Pular para o conteúdo principal

Envelhecer com propósito, nosso dever

Foto: Olga Quiroga, presidente do Grupo de Articulação para a Moradia do Idoso na Capital (Garmic)

Envelhecer com propósito retarda limitações físicas e declínio cognitivo

Sociedades se beneficiam da longevidade quando enxergam idosos como capital humano experiente, dizem especialistas

Todas as manhãs, Olga Quiroga, de 80 anos, se levanta às 5 horas para sair do Jardim São Savério, na região sudeste de São Paulo, e ir ao Largo São Francisco, no centro. Quando chega ao edifício, cumprimenta o porteiro que gira a manivela do antigo elevador para levá-la ao quarto andar. É ali, na sala número oito, que funciona o pequeno escritório da pedagoga aposentada. Dezenas de pastas e folhas de papel almaço escritas à mão tentam catalogar os cerca de 600 idosos que esperam por uma vaga em residências compartilhadas. Há três décadas, desde que deixou o mercado de trabalho, Olga se dedica ao movimento por moradias.

A chilena radicada no Brasil não sabe, mas segue à risca orientações de estudos recentes sobre longevidade. Envelhecer com propósitos e se manter ativo, com uma rede sólida de relacionamentos, adia a deficiência física e o declínio cognitivo, além de diminuir as chances de desenvolver depressão. Os benefícios podem, ainda, se tornar coletivos. “Sociedades que enxergam a população idosa como capital humano experiente, e não um fardo, conseguem redirecionar esses indivíduos para posições em que eles se mantêm produtivos”, diz Paul Irving, presidente do Milken Institute, organização americana de estudos econômicos e de saúde.

https://youtu.be/OhUjhBFbNuA?list=PLOymIuyePvyHls9UBmuSZvcX_A0WLS-hE

A ideia popular que relaciona sabedoria à passagem do tempo tem fundamento científico. Com o envelhecimento, o cérebro humano aumenta sua capacidade de solucionar problemas e atinge maior estabilidade emocional. Para a professora da Faculdade de Psicologia da PUC-SP Ruth Lopes, ignorar essas habilidades é um desperdício material. “O corpo perde agilidade, mas há otimização do raciocínio. É uma estupidez. Essa potencialidade não encontrar locais de expressão é uma estupidez, ainda mais se pensarmos num país com tantas carências, como o nosso.”

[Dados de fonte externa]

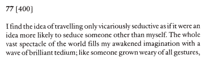 "Only extreme feebleness of imagination can justify anyone needing to travel in order to feel."
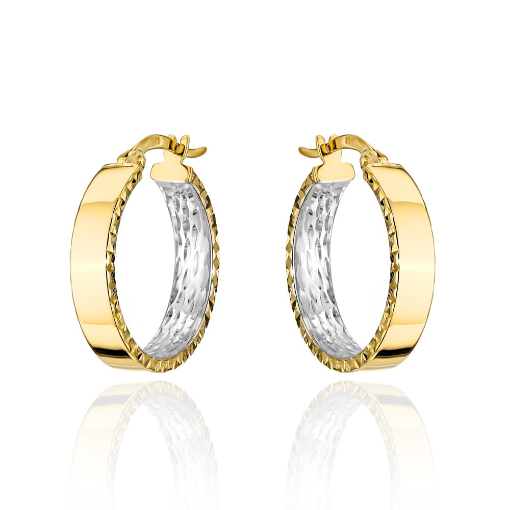 Kolczyki złote kółka wewnętrznie diamentowane w dwóch kolorach złota
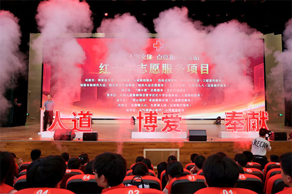 由成都市红十字会主办,成华区红十字会、成华区教育局等承办的成都市“传播红十字文化·点亮新时代文明”暨成华区红十字博爱月活动启动仪式,2023年5月6日在成都职业技术学校成功举行。旨在纪念第76个世界红十字日,弘扬“人道、博爱、奉献”红十字精神,发挥红十字会在社会主义精神文明主力军作用,助力成都市建设文明典范城市。
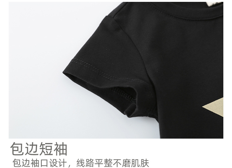 • 짧은 소매와 거즈 스커트가있는 블랙 티셔츠
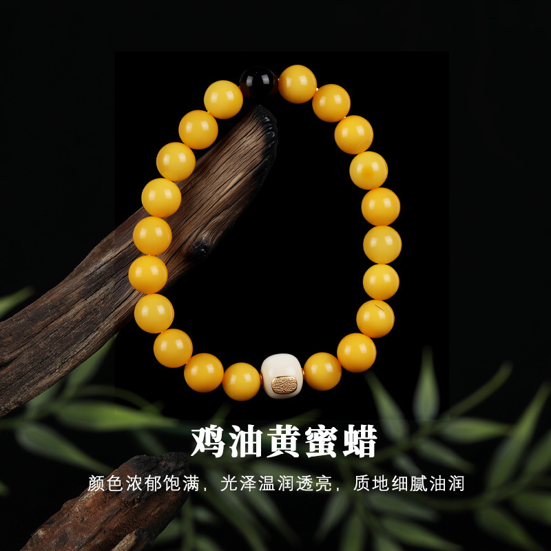 天然满蜜鸡油黄蜜蜡手串天然蜜蜡
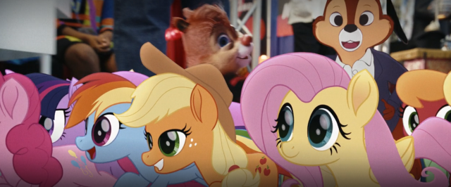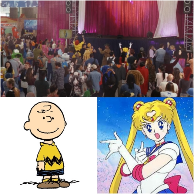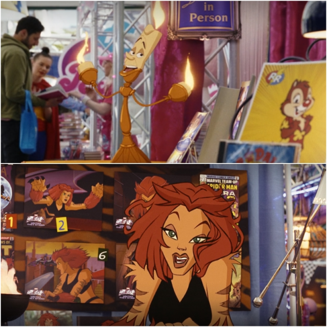 時間來到現代,蒂蒂已經成功升級為CGI明星,並且在動漫展上有自己的攤位。舞台下方的觀眾群當然有大量的客串,其中這個角度,可以看到兩位卡通角色COSPLAY成《花生漫畫》的查理布朗及《美少女戰士》的月野兔。
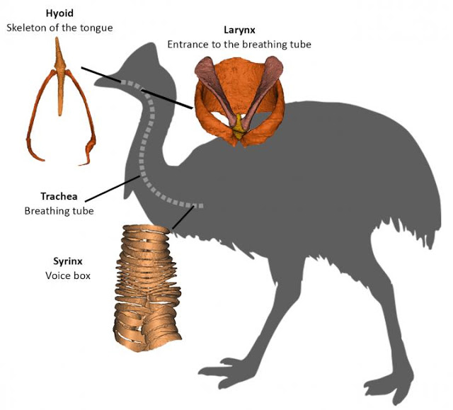 Researchers from Flinders University in South Australia recognised that the throat structures involved with breathing, eating and vocalising (the syrinx, hyoid, and larynx) were almost totally unknown.
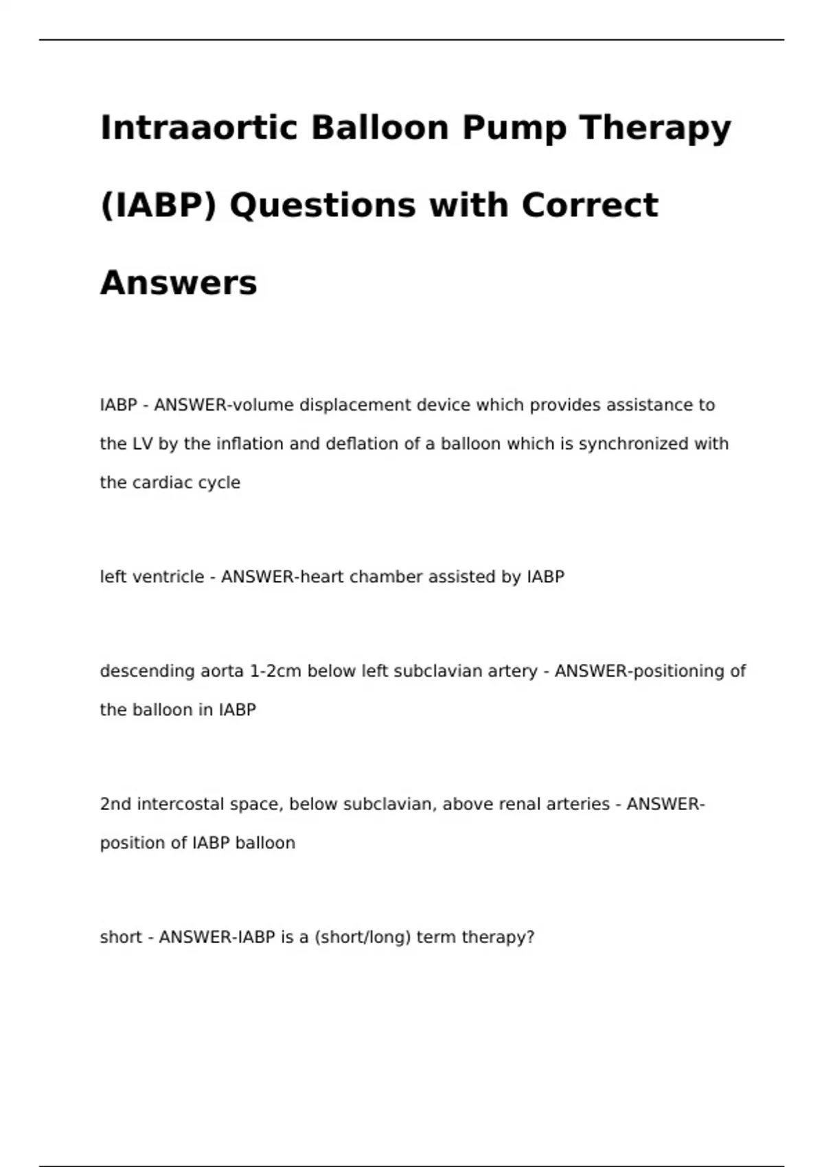 Intraaortic Balloon Pump Therapy (IABP) Questions with Correct AnswersIntraaortic Balloon Pump Therapy (IABP) Questions with Correct AnswersIntraaortic Balloon Pump Therapy (IABP) Questions with Correct AnswersIntraaortic Balloon Pump Therapy (IABP) Questions with Correct AnswersIntraaortic Balloon Pump Therapy (IABP) Questions with Correct AnswersIABP - ANSWER-volume displacement device which provides assistance to the LV by the inflation and deflation of a balloon which is synchronized with the cardiac cycle left ventricle - ANSWER-heart chamber assisted by IABP descending aorta 1-2cm below left subclavian artery - ANSWER-positioning of
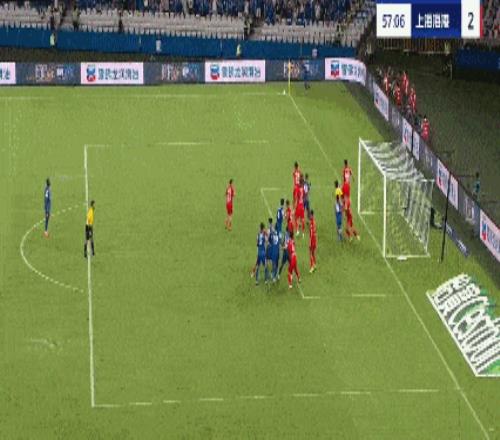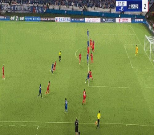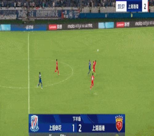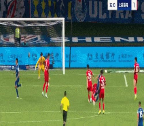 第55分钟,颜骏凌扑球脱手,陈晋一禁区混战扳回一球,申花1-2海港。
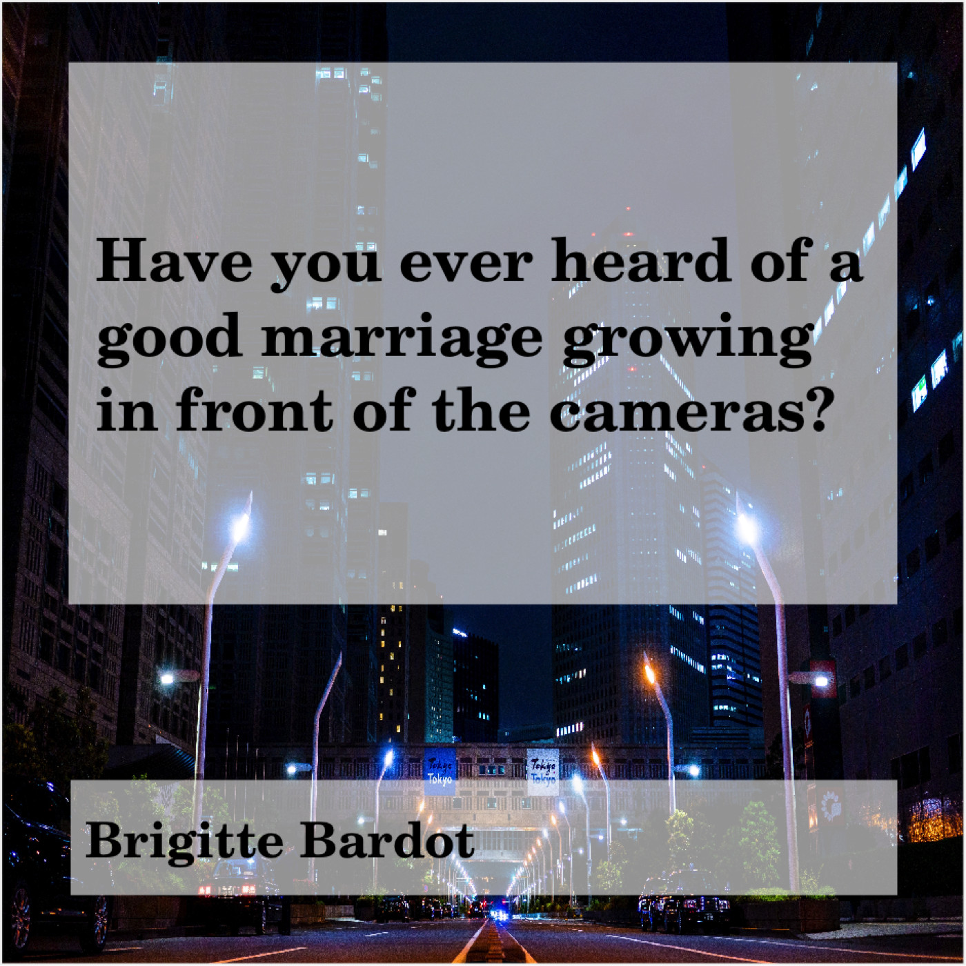 Brigitte Bardot Brigitte Bardot – Have you ever heard of… March 23, 2019 admin “Have you ever heard of a good marriage growing in front of the cameras?”-Brigitte Bardot

Uma opção eficaz, defende a professora, é aproximar a experiência grisalha da sociedade civil organizada e da vida pública. Assim, o idoso é visto como sujeito, uma peça que permanece útil para a comunidade. “Ele pode assessorar ou prestar serviços públicos, por exemplo. Em muitos casos, a pessoa mais velha tem tempo e está disposta a isso.”

É o caso de Olga. A presidente do Grupo de Articulação para a Moradia do Idoso na Capital (Garmic) gosta de “incomodar” figuras da Câmara Municipal, pedindo mais tempo de fala nas reuniões da comissão permanente do idoso. “Eles são em sete, nunca estão todos, mas quando vêm, ficam trocando figurinhas entre si, e discursam por 40 minutos e depois nos dão três minutos”, disse. Ela conta que recebeu proposta de emprego no gabinete de um dos vereadores, mas entendeu como uma provocação, e preferiu seguir seu trabalho voluntário.


Militante do movimento por moradia há 30 anos, Olga Quiroga mostra a lista de idosos à espera de residências

O engajamento proposto por especialistas visa também abordar a questão do isolamento. O Centro de Longevidade da Universidade de Stanford, nos Estados Unidos, aponta que pessoas entre 55 e 64 anos estão menos envolvidas socialmente do que seus predecessores há 20 anos - por exemplo, casam menos, não interagem tanto com vizinhos ou participam de comunidades religiosas. A tendência é observada em todas as faixas etárias, mas especialmente naquelas que estão a um passo da velhice.

A população mundial ainda está envelhecendo rapidamente. Hoje, vive-se cerca de 30 anos a mais do que no início do século passado. A sobrevida após o período produtivo no mercado de trabalho pode chegar a quase 40 anos. “Fico apreensiva com a ideia de como as futuras gerações vão lidar com esse momento”, afirma Ruth. Irving propõe a incorporação da mão de obra idosa em modelos específicos de contratação - para que seus conhecimentos e o próprio indivíduo não fiquem isolados do todo. A professora Ruth, no entanto, acredita que a longevidade deve ser vista como uma oportunidade de reciclagem e visita a antigos planos. “E não para continuar uma jornada, como burro de carga.” Segundo ela, mitos em torno da aposentadoria precisam ser revistos. “Pouco se fala das pessoas que ficam extremamente felizes por deixarem seus empregos. Ainda persiste a imagem do velho doente, próximo da morte.”

Nada mais distante do cotidiano de Dora Margarida Cioli, 68. Desde que se aposentou, em 2003, a engenheira eletrônica retomou os estudos de música (violão, canto, cavaquinho e percussão), iniciados ainda na adolescência, e aprendeu novos idiomas - já são quatro. Integrante de um grupo cênico-musical, o Eco do Santa Marta, na cidade do Rio, ela decora textos e partituras para apresentações em festivais de poesia e teatro. Preservar o exercício cognitivo por meio de desafios criativos, como faz Dora, tem a dupla vantagem de ser saudável e prazeroso.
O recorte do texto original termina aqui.